(Input data begins)
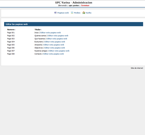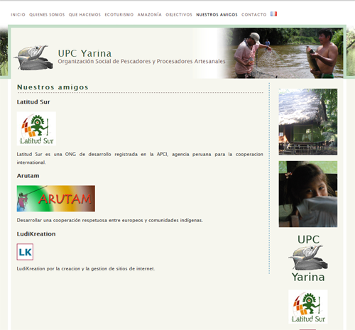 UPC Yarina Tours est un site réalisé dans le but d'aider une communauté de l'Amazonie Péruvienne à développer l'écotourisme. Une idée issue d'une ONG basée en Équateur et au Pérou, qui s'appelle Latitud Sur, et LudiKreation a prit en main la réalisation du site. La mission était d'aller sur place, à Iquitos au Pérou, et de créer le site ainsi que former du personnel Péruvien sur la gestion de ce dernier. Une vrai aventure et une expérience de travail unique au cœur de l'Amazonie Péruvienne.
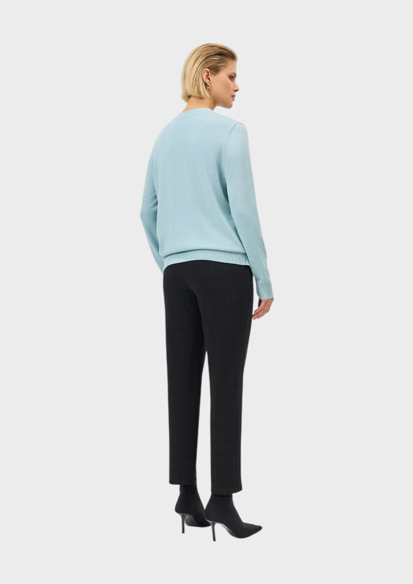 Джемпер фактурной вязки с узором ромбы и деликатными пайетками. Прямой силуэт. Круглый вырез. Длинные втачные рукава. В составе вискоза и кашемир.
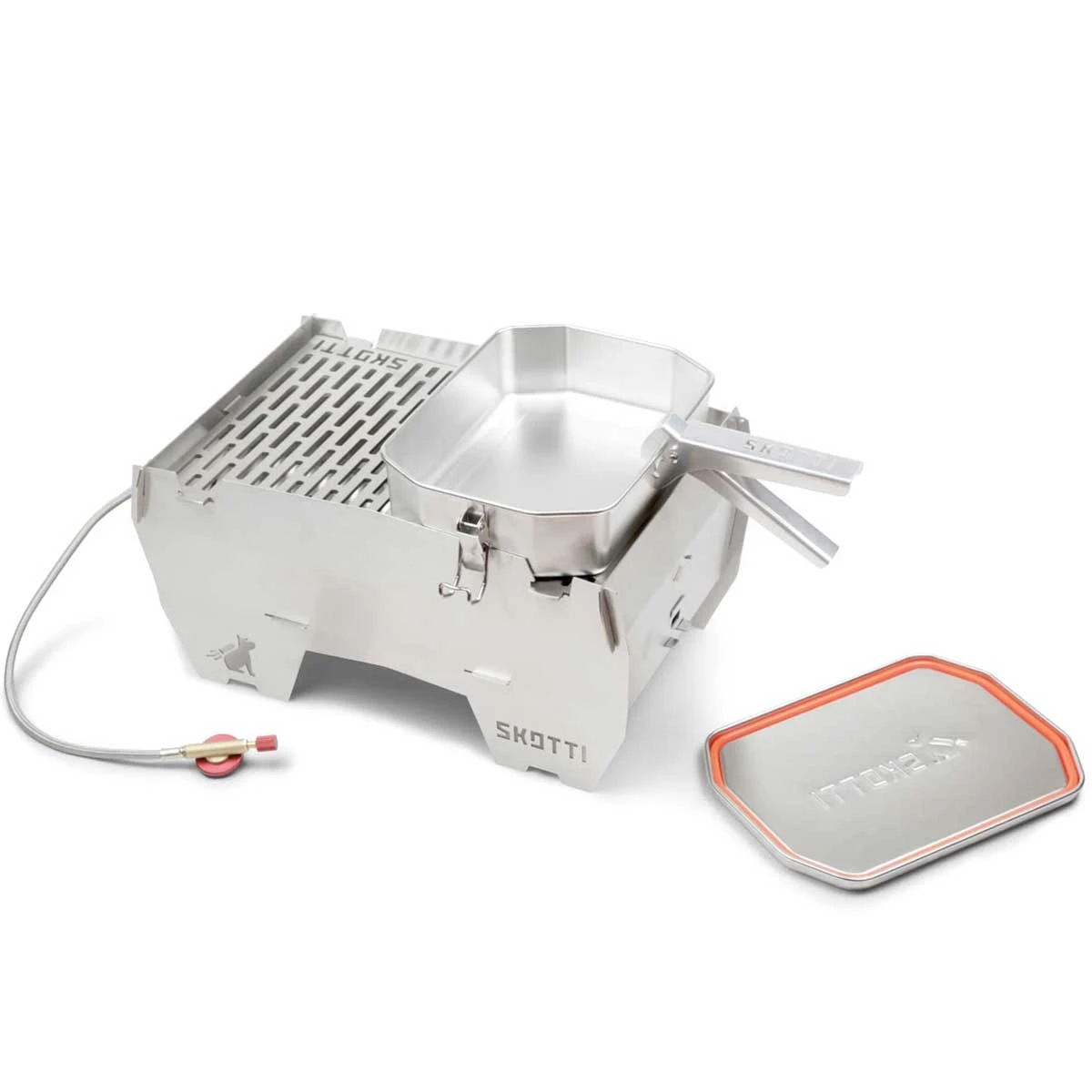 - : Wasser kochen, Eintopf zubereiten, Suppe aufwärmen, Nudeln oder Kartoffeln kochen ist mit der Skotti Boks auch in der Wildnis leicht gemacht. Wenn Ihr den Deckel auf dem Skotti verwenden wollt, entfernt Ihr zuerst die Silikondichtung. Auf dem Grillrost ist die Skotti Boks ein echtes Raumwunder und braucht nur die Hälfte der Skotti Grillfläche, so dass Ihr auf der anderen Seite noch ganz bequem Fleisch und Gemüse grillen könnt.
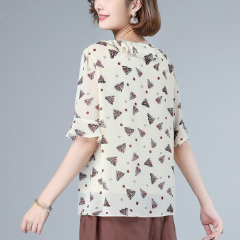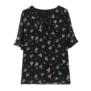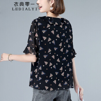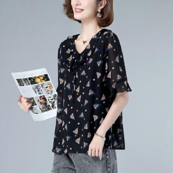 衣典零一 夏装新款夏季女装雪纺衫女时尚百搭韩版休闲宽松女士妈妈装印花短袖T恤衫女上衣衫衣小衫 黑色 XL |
(Input data ends)
(Input data begins)
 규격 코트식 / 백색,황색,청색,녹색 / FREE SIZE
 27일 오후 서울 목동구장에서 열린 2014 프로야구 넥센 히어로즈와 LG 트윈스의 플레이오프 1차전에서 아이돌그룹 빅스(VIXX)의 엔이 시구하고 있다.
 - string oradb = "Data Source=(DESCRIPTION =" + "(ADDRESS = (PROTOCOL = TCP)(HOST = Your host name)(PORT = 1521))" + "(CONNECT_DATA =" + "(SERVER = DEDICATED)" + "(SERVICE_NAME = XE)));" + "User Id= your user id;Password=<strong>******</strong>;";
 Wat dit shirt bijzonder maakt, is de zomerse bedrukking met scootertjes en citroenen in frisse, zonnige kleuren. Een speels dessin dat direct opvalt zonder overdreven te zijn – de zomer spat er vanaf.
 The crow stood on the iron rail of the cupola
(Input data ends)
(Input data begins)
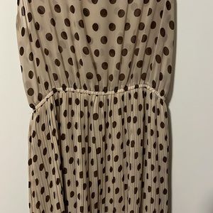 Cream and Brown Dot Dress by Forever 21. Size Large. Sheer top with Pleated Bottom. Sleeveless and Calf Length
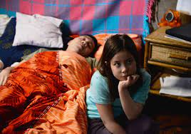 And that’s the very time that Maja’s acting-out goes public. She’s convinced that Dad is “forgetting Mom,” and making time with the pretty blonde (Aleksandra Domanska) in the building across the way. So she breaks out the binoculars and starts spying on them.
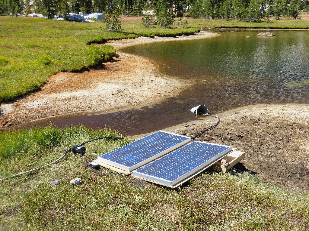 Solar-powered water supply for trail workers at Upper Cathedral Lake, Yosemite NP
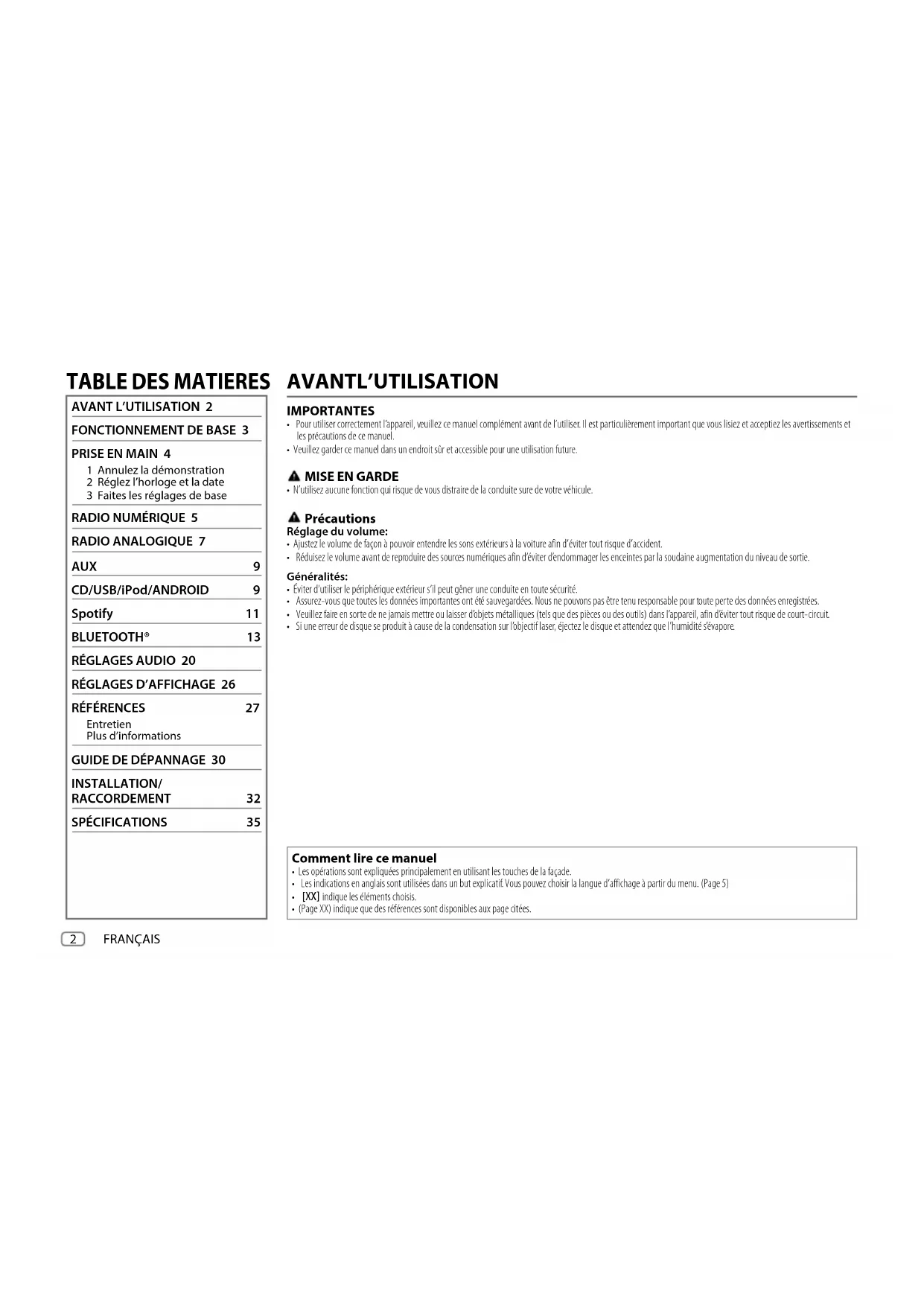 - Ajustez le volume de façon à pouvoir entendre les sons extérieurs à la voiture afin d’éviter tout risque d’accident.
(Input data ends)
# About this exercise
In the listing above, find the line containing "UPC Yarina Tours" and the line containing "Джемпер фактурной вязки". Print those two lines and every line between them exactly, with no pictures.

# Result of this task
 UPC Yarina Tours est un site réalisé dans le but d'aider une communauté de l'Amazonie Péruvienne à développer l'écotourisme. Une idée issue d'une ONG basée en Équateur et au Pérou, qui s'appelle Latitud Sur, et LudiKreation a prit en main la réalisation du site. La mission était d'aller sur place, à Iquitos au Pérou, et de créer le site ainsi que former du personnel Péruvien sur la gestion de ce dernier. Une vrai aventure et une expérience de travail unique au cœur de l'Amazonie Péruvienne.
 Джемпер фактурной вязки с узором ромбы и деликатными пайетками. Прямой силуэт. Круглый вырез. Длинные втачные рукава. В составе вискоза и кашемир.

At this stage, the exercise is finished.